The chic interior is outfitted in warm pinks and jewel-tone greens, with foxed mirrors behind a marble-topped bar. Downstairs will feature a speakeasy-style wine cellar hidden behind a secret door, available to reserve for private events. There will be a full food menu and a cheese program to complement cocktails and wines by-the-glass. So for a small upcharge, you’ll be able to add a “sidecar” of Comté with your glass of vin jaune. (Think the ubiquitous caviar bump, but dairy.)
While Cameron said that Jura and Savoie are at the heart of the bar’s wine program, it will include wines from across all Alpine regions. “Some of the most exciting and interesting wines in the world are coming from there. It has really young regions, really old regions, and every style and tradition,” he said. That includes oxidative and non-oxidative whites, light-bodied reds, sparkling wines, and even aperitifs like Macvin du Jura, a fortified wine made by blending grape must with aged local marc (grape spirit).

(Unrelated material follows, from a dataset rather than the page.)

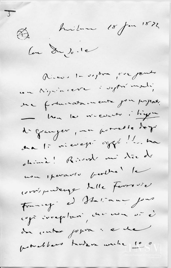 Corrispondenza Giuseppe Verdi a Camille Du Locle, 18/01/1872 Milano, 18 gennaio 1872 read Giuseppe Verdi a Camille Du Locle, 18/01/1872

In a city with its fair share of niche wine programs—from Champagne, to new-wave Spain, to Eastern Europe, to Germany—a Jura and Savoie list feels long overdue, but putting together this program is no small feat given the tiny production volumes in these regions. Cameron wants to make these wines accessible to more drinkers, with by-the-glass values and smaller markups on retail pricing, while still delivering to devotees. Expect producers like Stéphane Tissot, Domaine Courbet, and François Rousset-Martin.
If you want a little preview of the wines on offer at Crybaby, Cameron is leading an “Acid and Funk” tasting for the James Beard Foundation on August 18.